И один остался зритель

Сих, кипевших бранью, мест;

Всех решитель браней — крест.

Поравнявшись с этой могилой, добрый русский человек, едущий из Керчи в Ставрополь с дарами крымской Помоны, скинет шапку, перекрестится и молитву сотворит за упокой казацких покойников.

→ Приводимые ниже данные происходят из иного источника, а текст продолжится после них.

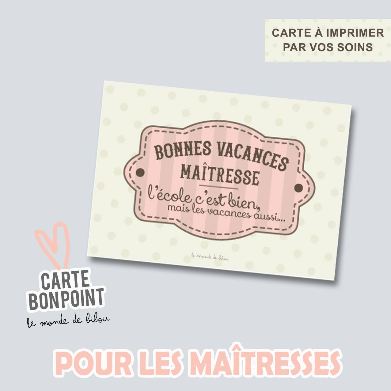 La Carte Bon retro Maîtresse à télécharger est une belle attention pour remercier toutes les personnes qui se sont occupées de votre enfant. Un joli cadeau pour une Nounou, une Maîtresse, une Atsem, une AVS ou une Éducatrice, etc… L’occasion de leur dire merci pour toute l’attention qu’elles lui ont porté tout au long de l’année scolaire, mais aussi pour toutes ces choses qu’elles lui ont appris.

Сообразно с местоположением, представляющим более или менее опасности, пост вмещает в себя от 50 до 200, батарея от 8 до 25 казаков. С первым светом дня сторожевой поднимается на вышку, и все вышки зорят по Кубани до сумерек. Когда же голодный волк и хищный горец выползают из своих нор на ночной промысел, в то время значительная часть спешенных казаков выходит из поста на обе его стороны и украдкой, вместе с тенями ночи, залегает берег, в опасных местах, по два, по три человека вместе. В то же время расставленные по пикетам казаки покидают свои денные притоны и также располагаются по берегу живыми тенетами для ночного хищника. Это "залога"... залог спокойствия и безопасности страны. Казаки, остающиеся на посту, держат коней в седле и находятся в готовности по первому известию или по первому выстрелу залоги, далеко слышному в ночной тиши, скакать к обеспокоенному месту кратчайшим путем, не разбирая, где куст, где рытвина, чтоб поспеть на зов тревоги прежде, чем "бояре мед пропьют"... Между тем отряжаются с постов с вечера, в полночь и на рассвете разъезды, составом в два, в три человека каждый. При ожидаемом по слухам или по приметам нападении разъезды повторяются до шести раз в продолжение ночи, но никогда не бывают они сильного состава. Разъезды проходят прибрежными тропинками — "стежками", ими проложенными и им только известными, соблюдая наивозможную чуткость и осторожность и перекликаясь с залогой загодя условленным отрывистым свистом либо глухим счетным стуком шашки о стремя.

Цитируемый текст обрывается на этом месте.